This study investigates the fundamental limit—namely, the theoretical upper bound on distance-domain spatial degrees of freedom (DoF)—for near-field ultra-large aperture arrays to achieve multi-user spatial multiplexing solely via range differences at identical angular directions. For a line-of-sight channel between a two-dimensional continuous transmit aperture and a linear receive array, we formulate an integral operator model based on a Hermite convolution kernel and employ Fourier analysis to derive a closed-form expression for the DoF. We first reveal that the distance-domain DoF is governed by the physical boundaries of the array—not its internal structure—and propose a projection transformation method to equivalently map non-broadside configurations to broadside cases. Extending this framework to modular arrays, we demonstrate that modularization enhances DoF within a fixed physical length. These results provide critical theoretical foundations and design principles for high-density, near-field multi-user communication systems.

Extremely large aperture array operating in the near-field regime unlocks additional spatial resources that can be exploited to simultaneously serve multiple users even when they share the same angular direction, a capability not achievable in conventional far-field systems. A fundamental question, however, remains: What is the maximum spatial degree of freedom (DoF) of spatial multiplexing in the distance domain? In this paper, we address this open problem by investigating the spatial DoF of a line-of-sight (LoS) channel between a large two-dimensional transmit aperture and a linear receive array with collinearly-aligned elements (i.e., at the same angular direction) but located at different distances from the transmit aperture. We assume that both the aperture and linear array are continuous-aperture (CAP) arrays with an infinite number of elements and infinitesimal spacing, which establishes an upper bound for the spatial degrees of freedom (DoF) in the case of finite elements. First, we assume an ideal case where the transmit array is a single piece and the linear array is on the broad side of the transmit array. By reformulating the channel as an integral operator with a Hermitian convolution kernel, we derive a closed-form expression for the spatial DoF via the Fourier transform.

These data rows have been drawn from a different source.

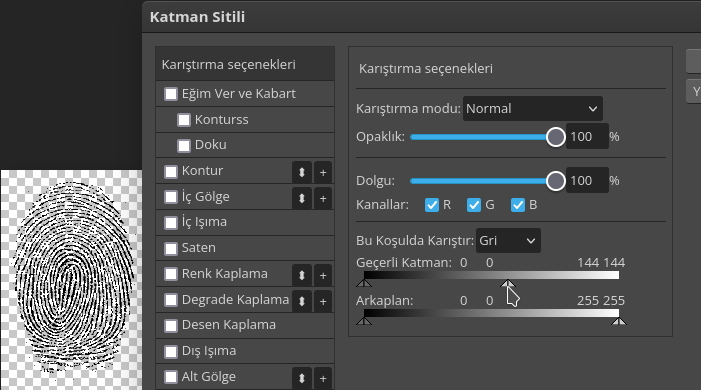Her parmak izinin bu şekilde şemasını aldıktan sonra HUE değerini değiştirip farklı renklere alıp iki parmak izini üst üste koyarak renk çıkıntılarından anlarsın. Veya elle karşılaştırırsın. Sana kalmış.
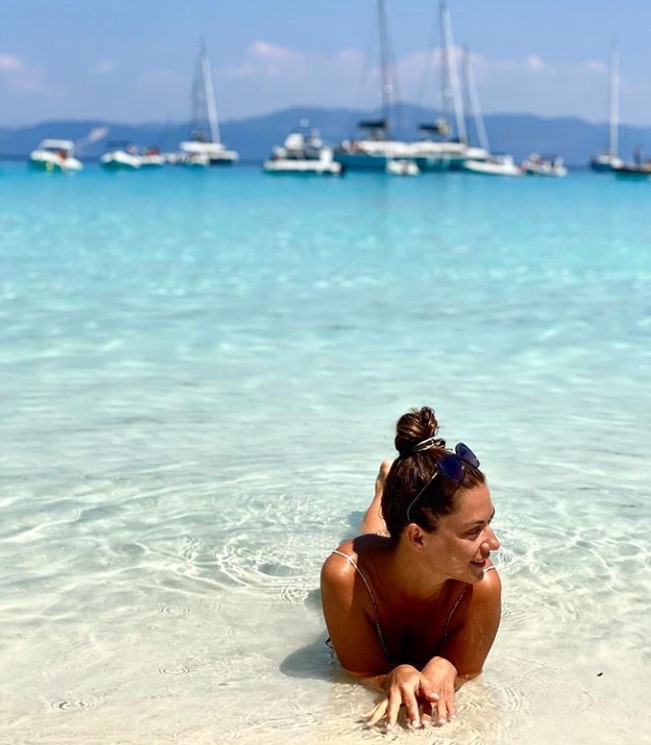 Οι δυο τους, μάλιστα, ταξίδεψαν με σκάφος και στους Αντιπαξούς, με τη Βάσω να πιάνει το τιμόνι, αναλαμβάνοντας χρέη καπετάνισσας. Όπως ήταν επόμενο, τα πειράγματα του άντρα της δεν είχαν τέλος, με τον σεφ να ανεβάζει εικόνες στο Instagram και να σχολιάζει με χιούμορ την εκλεκτή της καρδιάς του. Και η γνωστή ηθοποιός, πάντως, δεν έχασε την ευκαιρία να μοιραστεί με τους followers της στα social media φωτογραφίες από τις βουτιές τους στα κρυστάλλινα νερά.
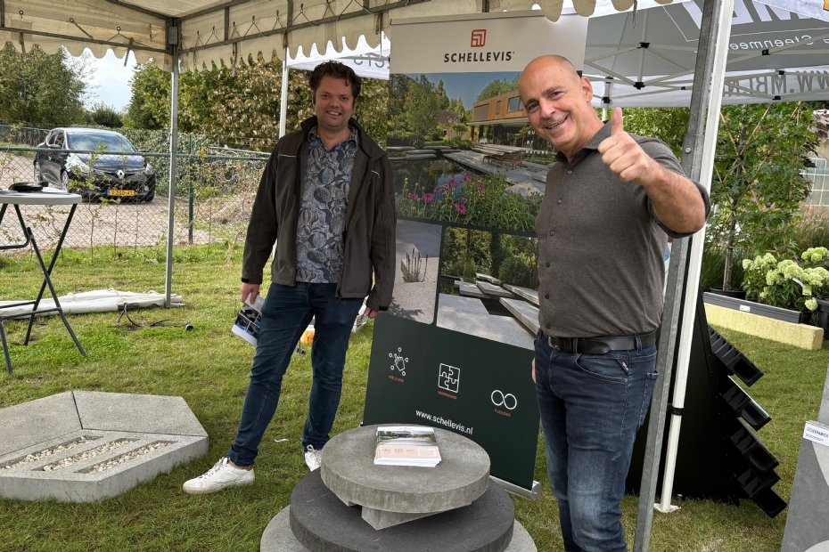 Schellevis staat ook op de Nationale Hoveniersdag. 'Nieuw is onze productrange waarin de waterpasseerbaarheid van water centraal staat. Onze nieuwe tegels presenteren we volgende week in Utrecht. We willen ons in de kijker spelen bij hoveniers en daar past dit event perfect bij,' zegt Frenk Capiteijns.
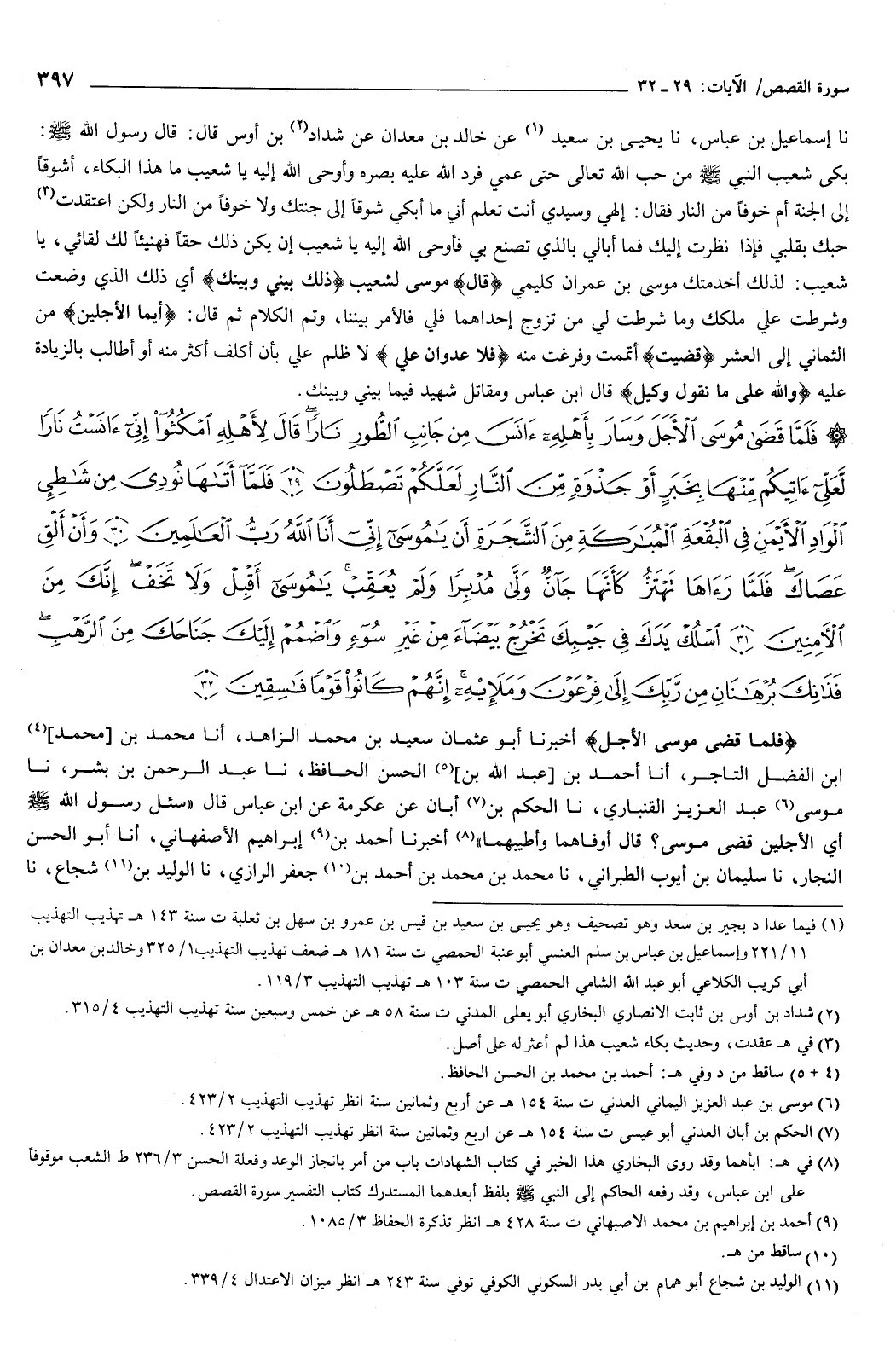 {فَلَمَّا قَضَى مُوسَى الأَجَلَ وَسَارَ بِأَهْلِهِ آنَسَ مِنْ جَانِبِ الطُّورِ نَارًا قَالَ لأَهْلِهِ امْكُثُوا إِنِّي آنَسْتُ نَارًا لَعَلِّي آتِيكُمْ مِنْهَا بِخَبَرٍ أَوْ جَذْوَةٍ مِنَ النَّارِ لَعَلَّكُمْ تَصْطَلُونَ {29} فَلَمَّا أَتَاهَا نُودِي مِنْ شَاطِئِ الْوَادِي الأَيْمَنِ فِي الْبُقْعَةِ الْمُبَارَكَةِ مِنَ الشَّجَرَةِ أَنْ يَا مُوسَى إِنِّي أَنَا اللَّهُ رَبُّ الْعَالَمِينَ {30} وَأَنْ أَلْقِ عَصَاكَ فَلَمَّا رَآهَا تَهْتَزُّ كَأَنَّهَا جَانٌّ وَلَّى مُدْبِرًا وَلَمْ يُعَقِّبْ يَا مُوسَى أَقْبِلْ وَلا تَخَفْ إِنَّكَ مِنَ الآمِنْينَ {31} اسْلُكْ يَدَكَ فِي جَيْبِكَ تَخْرُجْ بَيْضَاءَ مِنْ غَيْرِ سُوءٍ وَاضْمُمْ إِلَيْكَ جَنَاحَكَ مِنَ الرَّهْبِ فَذَانِكَ بُرْهَانَانِ مِنْ رَبِّكَ إِلَى فِرْعَوْنَ وَمَلَئِهِ إِنَّهُمْ كَانُوا قَوْمًا فَاسِقِينَ {32} } [القصص: 29-32] {فَلَمَّا قَضَى مُوسَى الأَجَلَ} [القصص: 29]
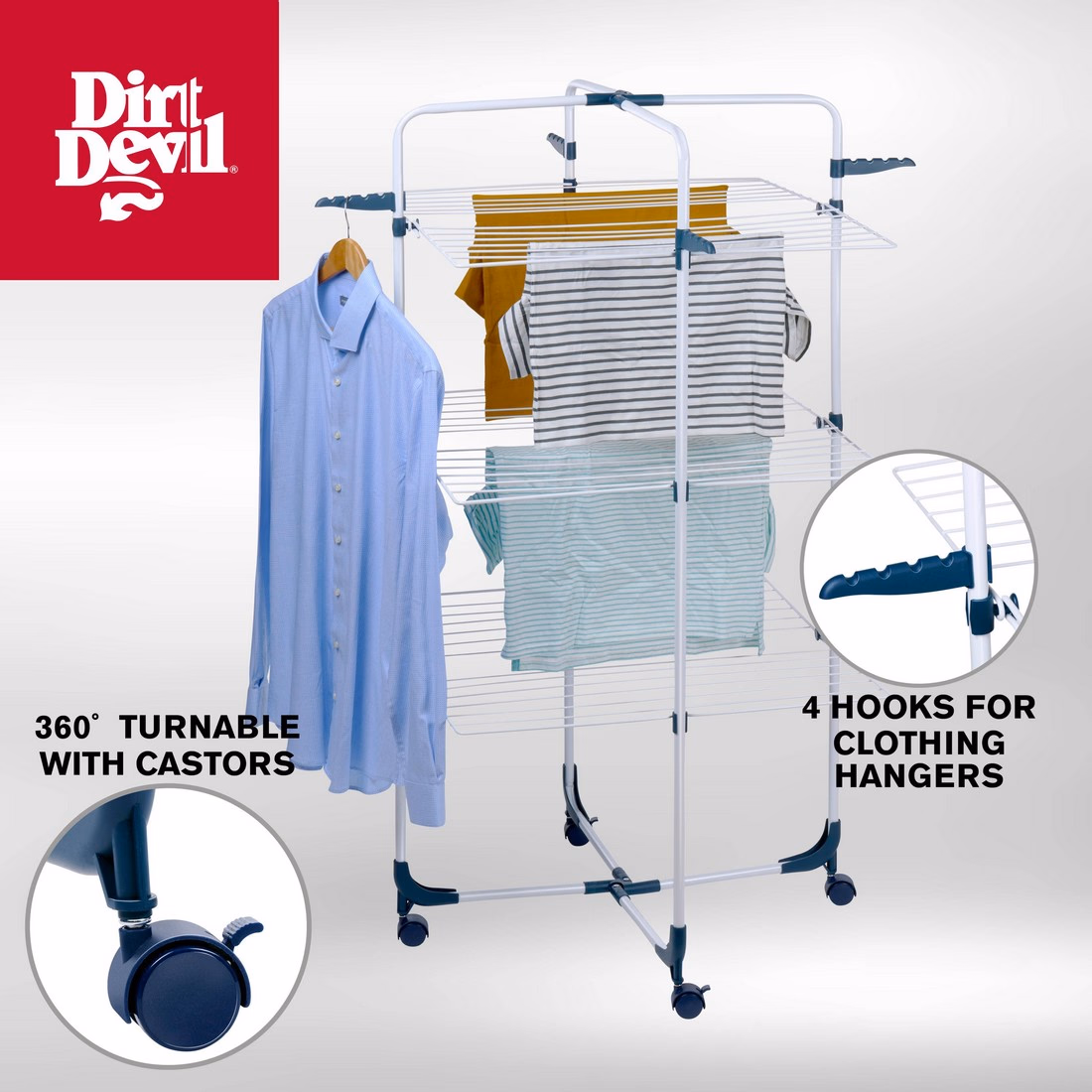 DIRT DEVIL Ruhaszárító 30 m 134×68×68 cm fehér Ø16 mm acélcső
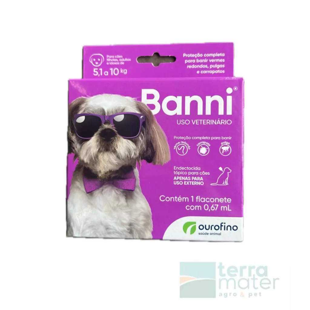 Indicações: Banni é um endectocida tópico para cães composto pela associação entre fipronil e moxidectina para tratamento de infestações por pulgas, carrapatos e por helmintos gastrointestinais.
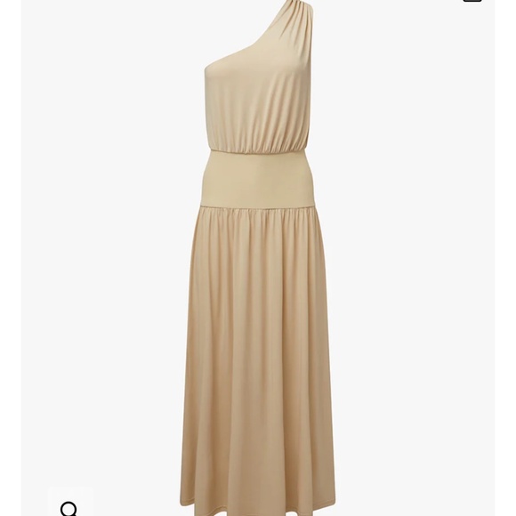 Brand Description: This flowy one-shoulder maxi dress features ruching along the bodice and skirt, as well as a power mesh waist panel. The fabric is a double-knit infused with four-way stretch.
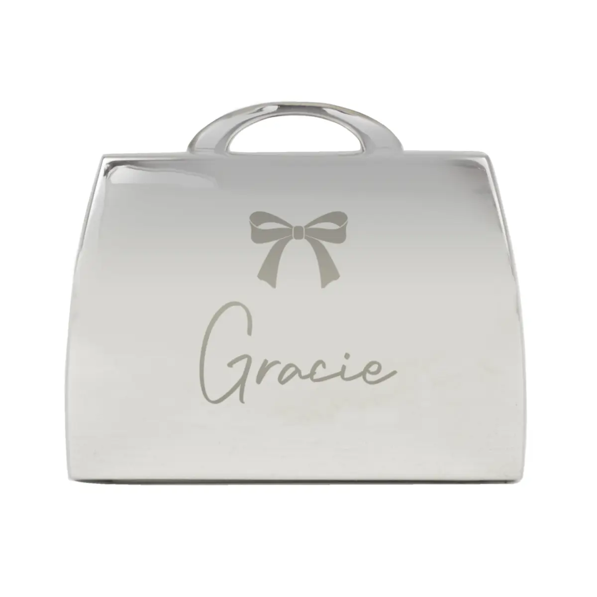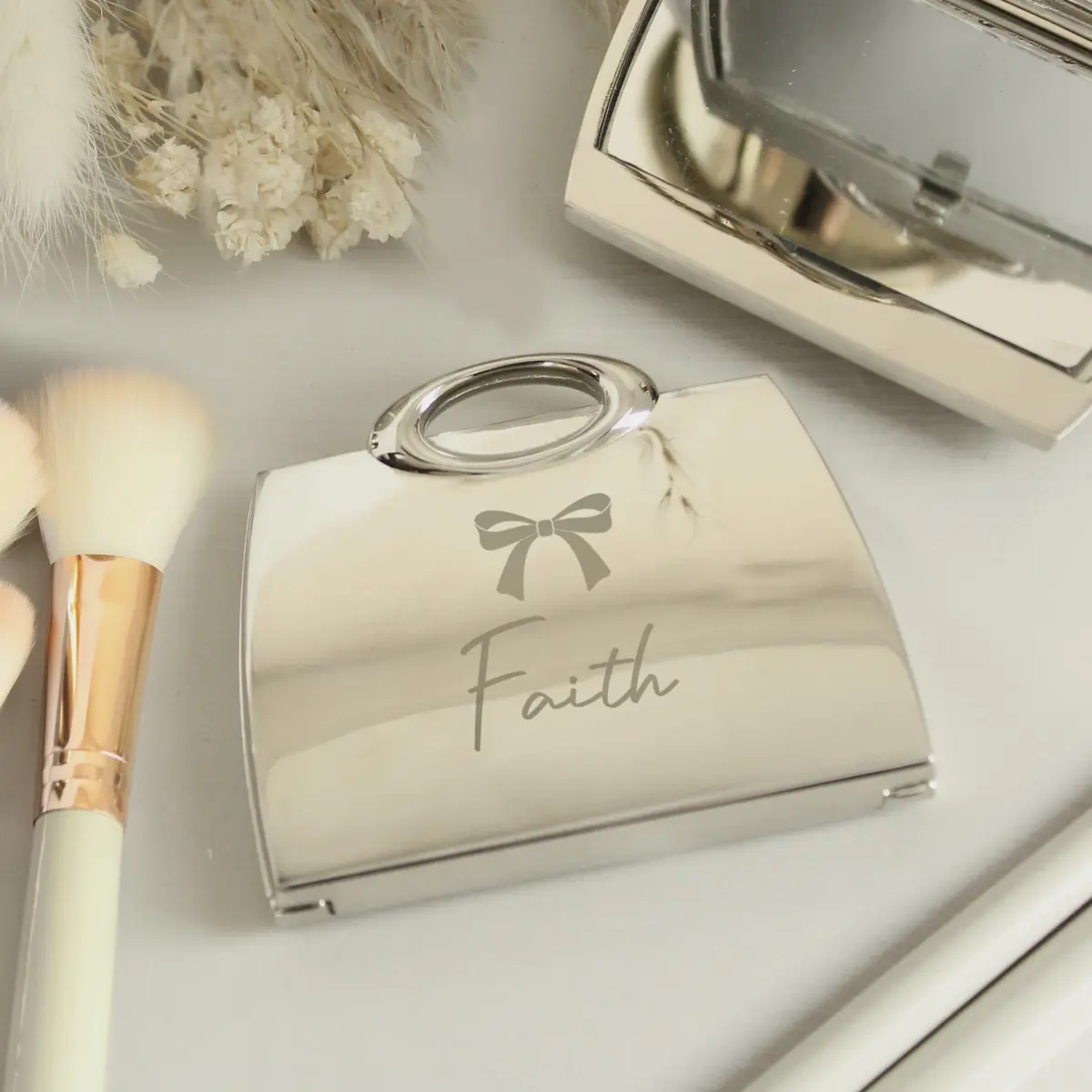 Add a little sparkle to their handbag with this Personalised Bow Handbag Compact Mirror. Shaped like a stylish handbag and finished with a sweet bow design, it is a thoughtful treat that brings a touch of everyday luxury to getting ready on the go.
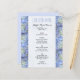 Affordable wedding or bridal shower luncheon menu template with pale blue hydrangea flower border. Smaller, 4x5 inch paper, is affordable and pretty. Easily customise the title in periwinkle blue, and the remaining black text with all menu items.

Our analysis shows that the spatial DoF in the distance domain is predominantly determined by the extreme boundaries of the array rather than its detailed interior structure. We further extend the framework to non-broadside configurations by employing a projection method, which effectively converts the spatial DoF to an equivalent broadside case. Finally, we extend our analytical framework to the modular array, which shows the spatial DoF gain over the single-piece array given the constraint of the physical length of the array.